That's quite clearly explained in the documentation. Do you understand the code you've written ?
Visualforce.remoting.Manager.invokeAction(
'{!$RemoteAction.AccController.getAccountList}',
function(result, event) {
if (event.status) {
var ListVariable = '"//I dono how to get the list in javascript"
}
);
The fully qualified remote action is a string that represents the
complete path to the remote action method, including namespace, base
class, and so on:
namespace[.BaseClass][.ContainingClass].ConcreteClass.Method. Use
$RemoteAction in an expression to automatically resolve the namespace,
for example {!$RemoteAction.MyController.getAccount}.
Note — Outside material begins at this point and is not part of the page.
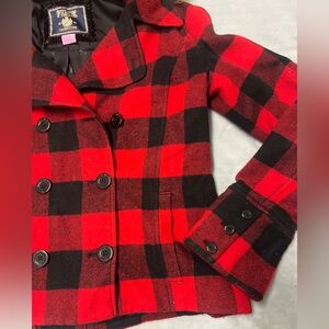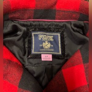 VS PINK Red and Black Plaid Peacoat with Faux Fur Hood

Invocation parameters are the arguments used to perform the remote
method invocation, and are the same arguments used to make a standard
remoting call:
- The parameters to send to the @RemoteAction method, if any.
- The callback function, which handles the returned result.
- Configuration details for the invocation, if any.
The second bulletpoint is the answer here, you're written the callback which has 2 parameters :
Your callback function will receive as parameters an event object
representing the status of the remote call, and the result object
returned by the remote Apex method.
Apex primitive data types returned by result—such as strings or
numbers—are converted to their JavaScript equivalents. Apex objects
that are returned are converted to JavaScript objects, while
collections are converted to a JavaScript array. Keep in mind that
JavaScript is case-sensitive, so id, Id, and ID are considered
different fields.
So if your remote apex method returns a List<sObject>, the result parameter/variable in your JS will be an JS array containing those objects in JS objects. Basically:
var ListVariable = result;
So there's also no real need to use an additional variable unless you consider that easier to understand and maintain.